Subject: Re: [boost] [Range] Range adaptor approach for temporary range lifetime issue
From: Jeffrey Lee Hellrung, Jr. (jeffrey.hellrung_at_[hidden])
Date: 2012-06-24 14:33:56
On Sun, Jun 24, 2012 at 3:52 AM, Neil Groves <neil_at_[hidden]>wrote:
> On 24/06/12 10:51, Michel Morin wrote:
> Now I'm curious: what are the advantages and disadvantages of implementing
>>> reverse_range<R> as a pair of reverse_iterator< R::iterator >'s (I'm
>>> sloppy here, but based on your above assertion, this is the present
>>> implementation) versus as a wrapper around an R (held by reference or
>>> value) directly? In the latter case, for example, reverse_range<R>::begin
>>> would return reverse_iterator< R::iterator >(boost::end(r)) (where r is
>>> wrapped range of type R).
>> Below, I say boost::begin(r) and boost::end(r) as the underlying
>> Your range adaptors are "lazy adaptors":
>> * Pipe operators does not adapt the underlying iterators in effect.
>> * The underlying iterators are adapted only when begin/end is called.
>> And each time begin/end of your range adaptors is called,
>> the underlying iterators needs to be adapted.
> As a general idiom the use of lazily adapting upon the invocation of
> begin/end would mix two responsibilities. If one considers the
> complications involved with managing functor and predicate state being
> delayed until the invocation of begin/end it appears to be a considerably
> more complex solution.
I don't understand what you mean here. Surely adapted iterators must
likewise manage "functor and predicate state"? Can you elaborate?

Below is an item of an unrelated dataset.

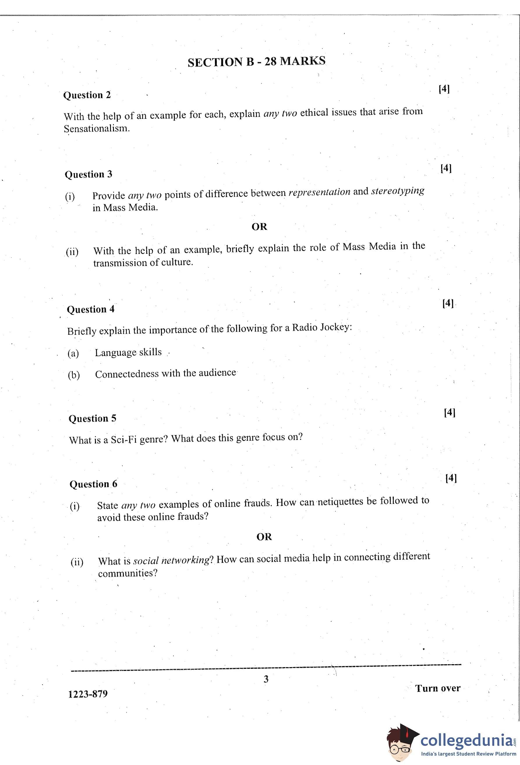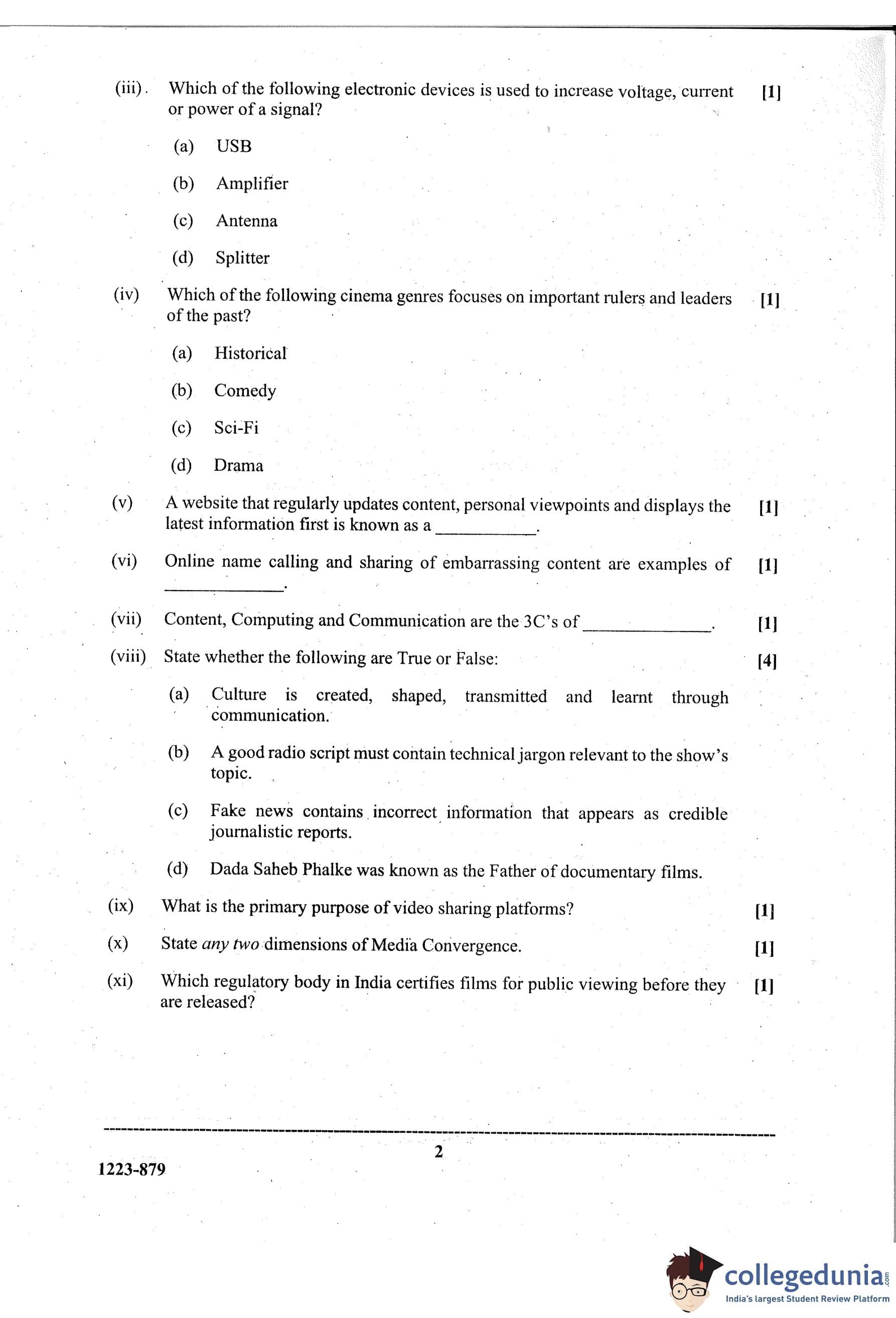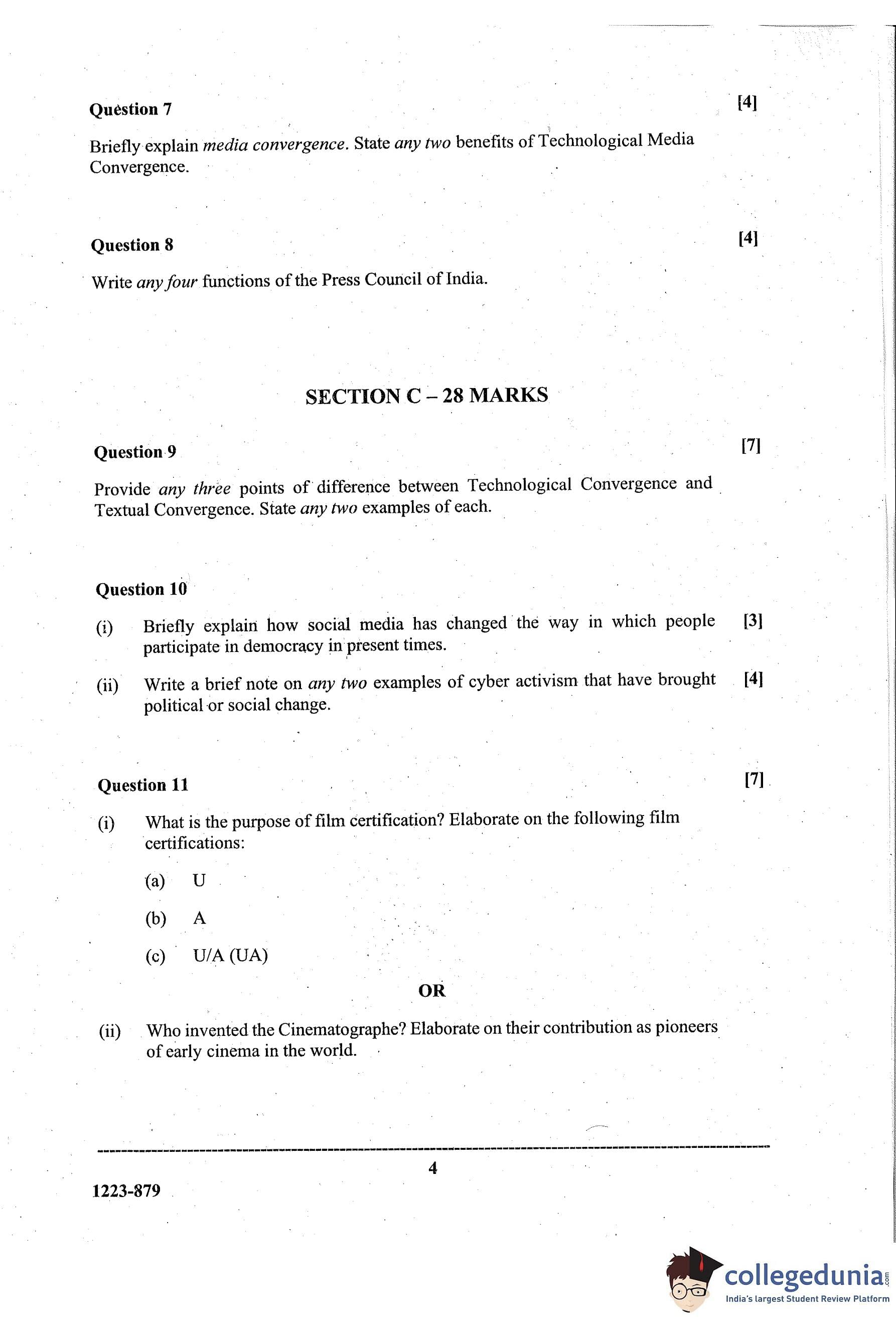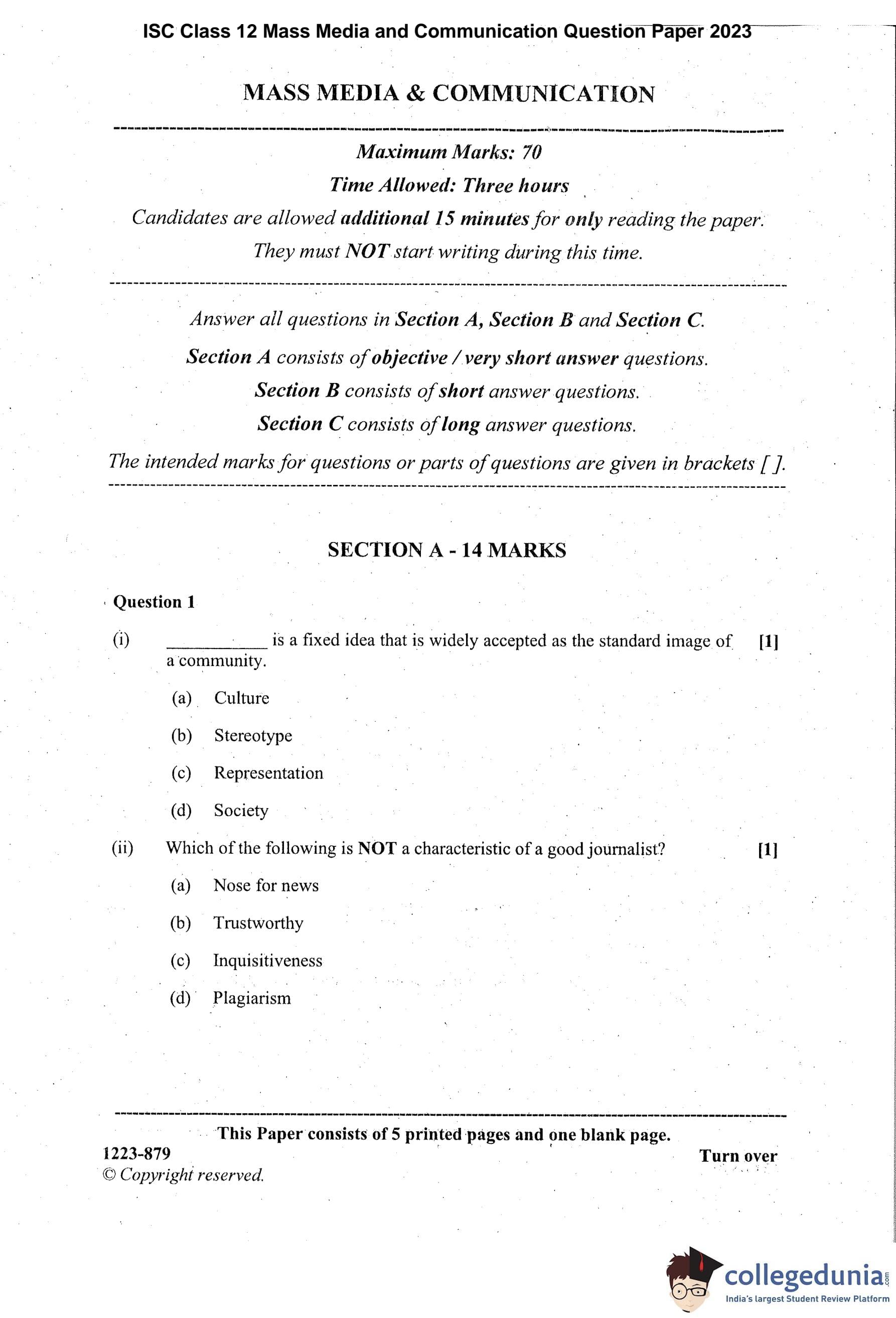 ISC Class 12 Mass Media and Communication Question Paper 2023 with Answer Key
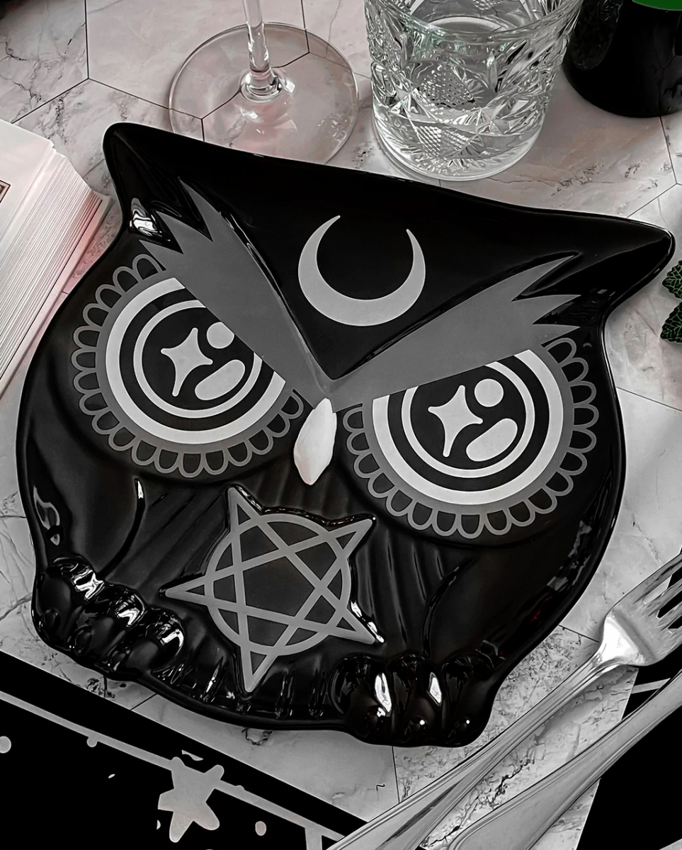 Owl Servierteller Gothic Keramik Teller von KILLSTAR Extravagantes Gothic Keramik Teller im Eulen Design mit okkulten Symbolen Werde deiner Liebe zu mystischer Deko auch beim Dinner gerecht. Der Owl Servierteller Gothic Keramik Teller von KILLSTAR wird von einer Vielzahl an mystischen Zeichen verziert, so dass es deinem Essen einen ganz besonderen Spirit verleiht. Der Owl Servierteller Gothic Keramik Teller von KILLSTAR ist mit einer Größe von ca. 23 x 24,5 cm groß genug, um dem eindrucksvollen Eulen Design genügend Raum zu geben. Die Eule mit dem okkulten Flair begeistert mit einigen wunderbar mystischen Details. Lieferumfang: 1 x KILLSTAR Owl Servierteller Farbe: Schwarz, Grau, Weiß Größe: ca. 23 x 24,5 cm Material: Keramik Glänzend schwarze Keramik Auffälliges Eulen Design mit Pentagramm Fantastischer Gothic Teller für dunkle Seelen Der Artikel ist ein Gothic Geschirr. Nicht für Kinder unter 3 Jahren geeignet. Kann Kleinteile enthalten, die verschluckt werden können – Erstickungsgefahr. Von Feuer und offenen Flammen fernhalten.

I do not perceive a compensating advantage for this approach. Of course, I
> may well be missing the advantage and invite correction.
As Michael points out, it helps solve the temporary lifetime issue in for
loops...and I guess it allows one to return adapted ranges from functions?
And, ultimately, if there's ultimately just one call to begin/end on the
final adapted range (the common case?), both the present implementation of
the Boost.Range adaptors and a lazy implementation would go through the
same sequence of iterator constructions, right?